(Beginning of Data extracts)
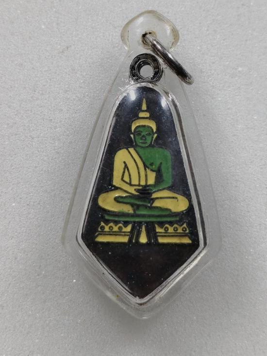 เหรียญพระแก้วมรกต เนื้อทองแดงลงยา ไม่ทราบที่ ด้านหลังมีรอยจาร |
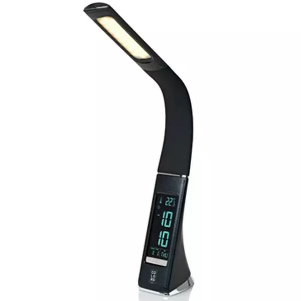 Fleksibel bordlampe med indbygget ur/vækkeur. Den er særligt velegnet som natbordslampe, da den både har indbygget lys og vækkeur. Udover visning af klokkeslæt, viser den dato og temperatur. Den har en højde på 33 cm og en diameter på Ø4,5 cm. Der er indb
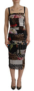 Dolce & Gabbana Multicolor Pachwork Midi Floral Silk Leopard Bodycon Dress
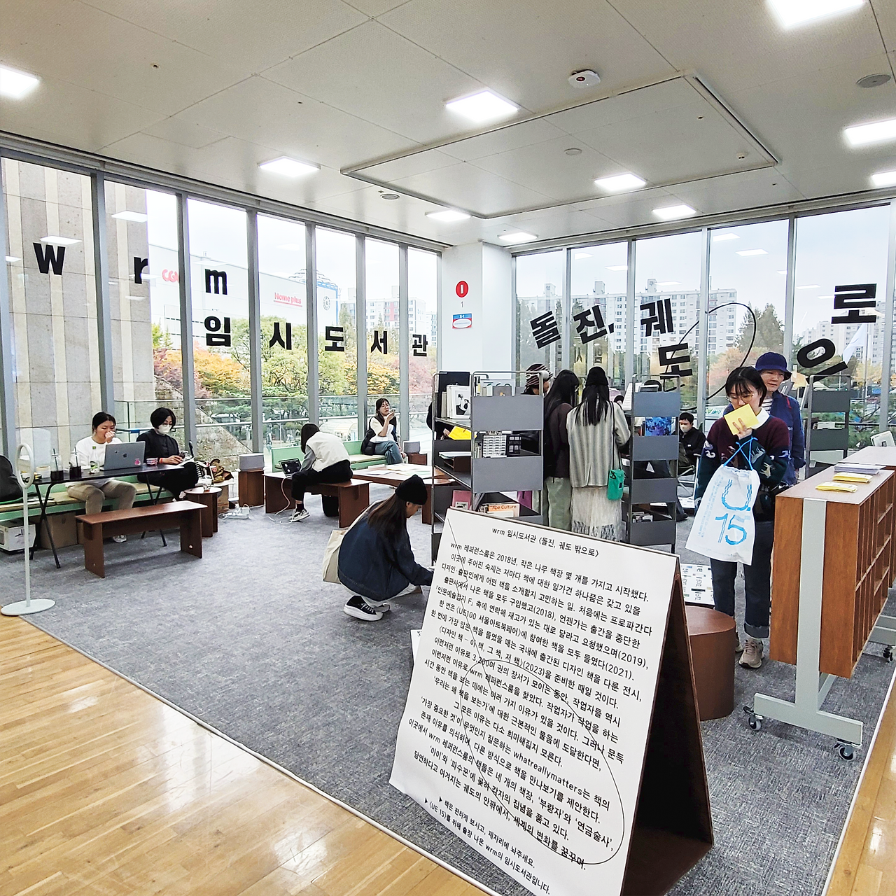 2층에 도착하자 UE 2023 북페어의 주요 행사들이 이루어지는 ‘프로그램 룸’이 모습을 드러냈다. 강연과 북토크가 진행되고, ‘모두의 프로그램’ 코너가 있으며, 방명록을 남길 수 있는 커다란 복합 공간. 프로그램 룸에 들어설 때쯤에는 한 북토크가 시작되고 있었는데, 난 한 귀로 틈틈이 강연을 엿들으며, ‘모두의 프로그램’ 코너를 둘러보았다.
(End of Data extracts)
(Beginning of Data extracts)
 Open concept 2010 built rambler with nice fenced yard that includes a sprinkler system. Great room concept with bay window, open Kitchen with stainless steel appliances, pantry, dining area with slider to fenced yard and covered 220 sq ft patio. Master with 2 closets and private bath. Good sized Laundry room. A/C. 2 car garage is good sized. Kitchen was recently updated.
(End of Data extracts)
(Beginning of Data extracts)
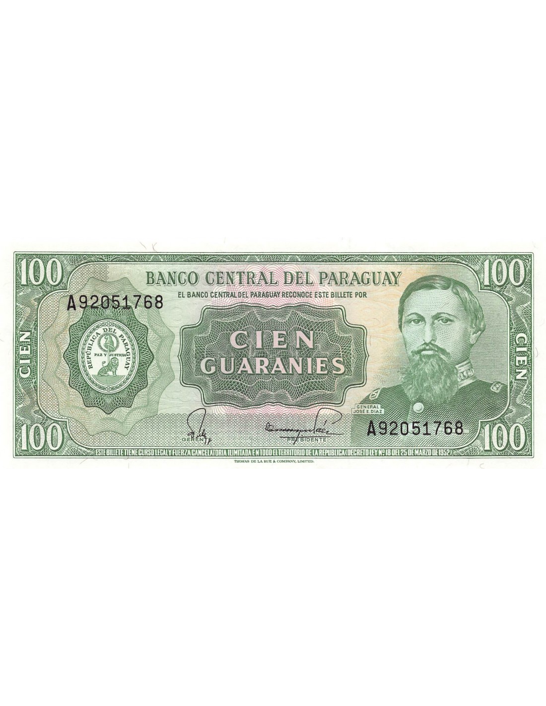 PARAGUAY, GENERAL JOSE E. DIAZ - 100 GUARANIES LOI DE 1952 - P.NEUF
(End of Data extracts)
What you have to do:
Both the line containing "เหรียญพระแก้วมรกต เนื้อทองแดงลงยา ไม่ทราบที่" and the line containing "2층에 도착하자 UE" above belong in the output, as do the lines between them. Print them exactly, without pictures.

Solution:
 เหรียญพระแก้วมรกต เนื้อทองแดงลงยา ไม่ทราบที่ ด้านหลังมีรอยจาร |
 Fleksibel bordlampe med indbygget ur/vækkeur. Den er særligt velegnet som natbordslampe, da den både har indbygget lys og vækkeur. Udover visning af klokkeslæt, viser den dato og temperatur. Den har en højde på 33 cm og en diameter på Ø4,5 cm. Der er indb
 Dolce & Gabbana Multicolor Pachwork Midi Floral Silk Leopard Bodycon Dress
 2층에 도착하자 UE 2023 북페어의 주요 행사들이 이루어지는 ‘프로그램 룸’이 모습을 드러냈다. 강연과 북토크가 진행되고, ‘모두의 프로그램’ 코너가 있으며, 방명록을 남길 수 있는 커다란 복합 공간. 프로그램 룸에 들어설 때쯤에는 한 북토크가 시작되고 있었는데, 난 한 귀로 틈틈이 강연을 엿들으며, ‘모두의 프로그램’ 코너를 둘러보았다.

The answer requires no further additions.